Required action: In the entries below, find the line with "Mega-Effekt, wenig Aufwand: Passagen" and the line with "Still very busy"; reproduce those two lines and all lines between them exactly, without pictures.
(Given data Opens)
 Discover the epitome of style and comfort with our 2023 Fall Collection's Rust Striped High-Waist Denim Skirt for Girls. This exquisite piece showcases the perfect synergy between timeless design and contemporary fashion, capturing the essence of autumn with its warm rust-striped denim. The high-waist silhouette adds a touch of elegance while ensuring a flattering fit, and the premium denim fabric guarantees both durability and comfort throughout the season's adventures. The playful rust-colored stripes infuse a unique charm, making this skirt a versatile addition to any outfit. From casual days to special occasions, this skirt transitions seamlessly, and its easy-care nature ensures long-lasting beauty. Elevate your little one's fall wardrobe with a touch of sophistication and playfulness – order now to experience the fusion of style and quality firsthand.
(Given data Closes)
(Given data Opens)
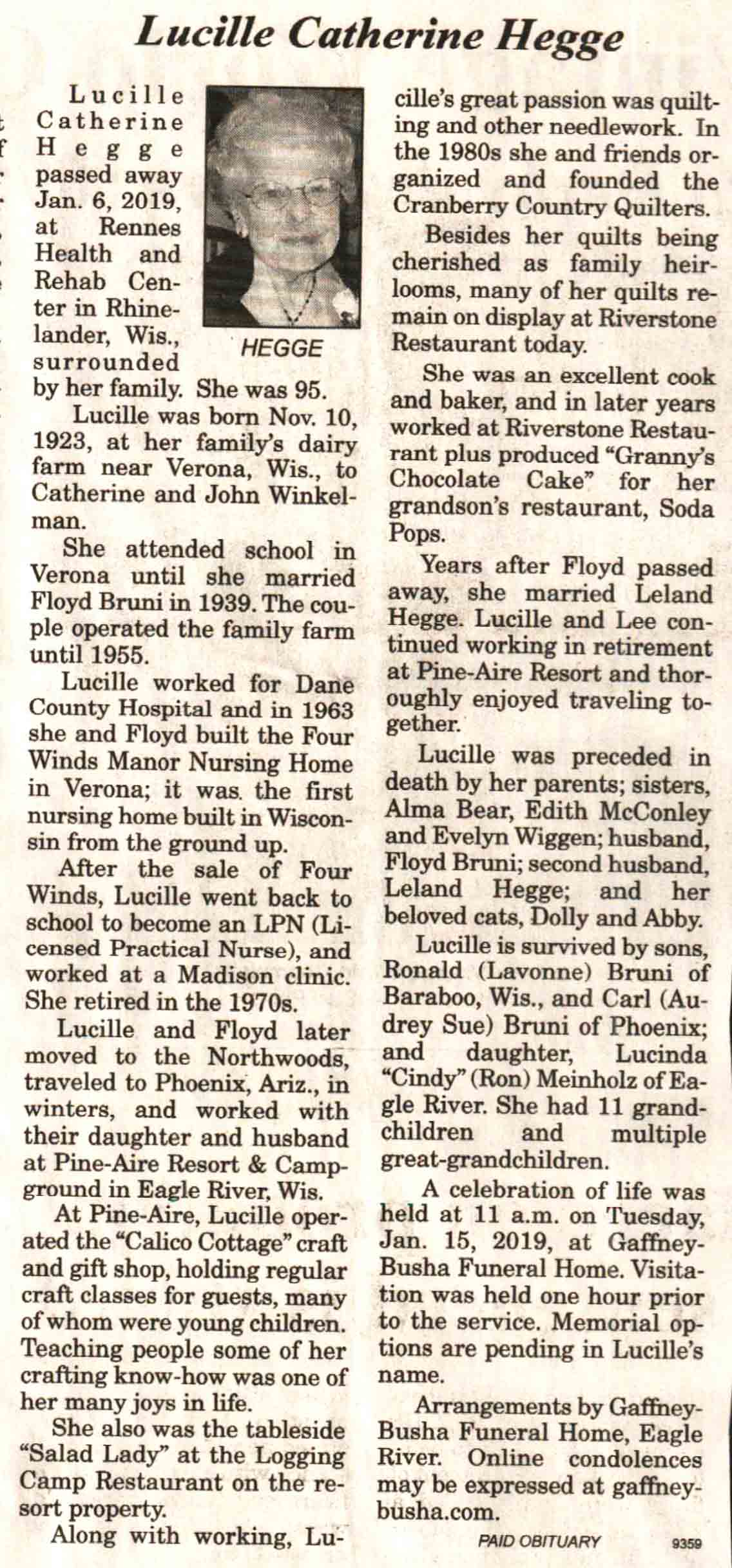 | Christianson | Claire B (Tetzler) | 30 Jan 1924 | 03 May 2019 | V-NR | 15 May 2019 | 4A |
(Given data Closes)
(Given data Opens)
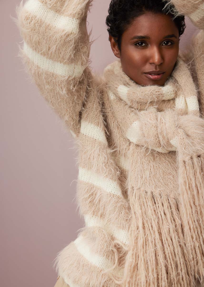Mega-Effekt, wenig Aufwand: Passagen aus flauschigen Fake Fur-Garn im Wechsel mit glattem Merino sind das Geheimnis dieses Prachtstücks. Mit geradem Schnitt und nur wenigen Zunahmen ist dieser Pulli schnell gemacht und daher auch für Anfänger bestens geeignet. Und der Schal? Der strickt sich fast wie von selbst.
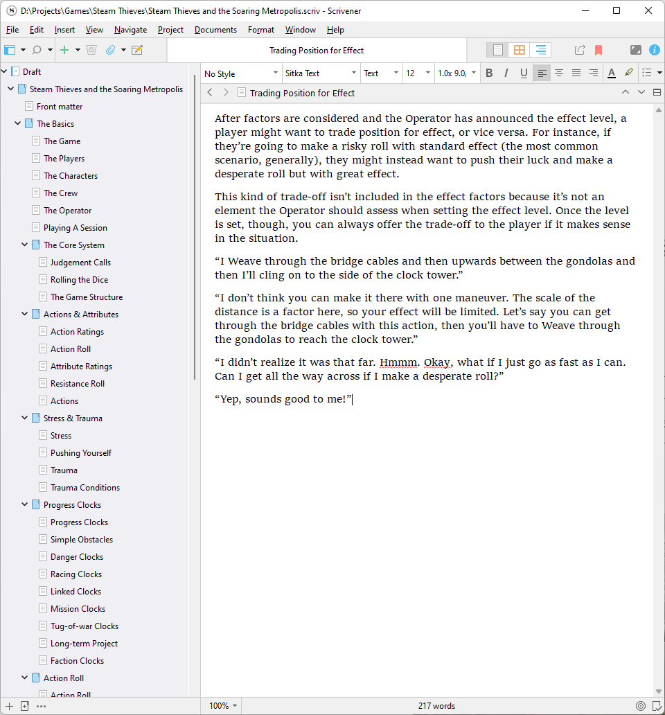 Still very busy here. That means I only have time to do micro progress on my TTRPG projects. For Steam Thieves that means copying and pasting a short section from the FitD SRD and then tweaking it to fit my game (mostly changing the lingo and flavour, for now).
(Given data Closes)
Result below:
Mega-Effekt, wenig Aufwand: Passagen aus flauschigen Fake Fur-Garn im Wechsel mit glattem Merino sind das Geheimnis dieses Prachtstücks. Mit geradem Schnitt und nur wenigen Zunahmen ist dieser Pulli schnell gemacht und daher auch für Anfänger bestens geeignet. Und der Schal? Der strickt sich fast wie von selbst.
 Still very busy here. That means I only have time to do micro progress on my TTRPG projects. For Steam Thieves that means copying and pasting a short section from the FitD SRD and then tweaking it to fit my game (mostly changing the lingo and flavour, for now).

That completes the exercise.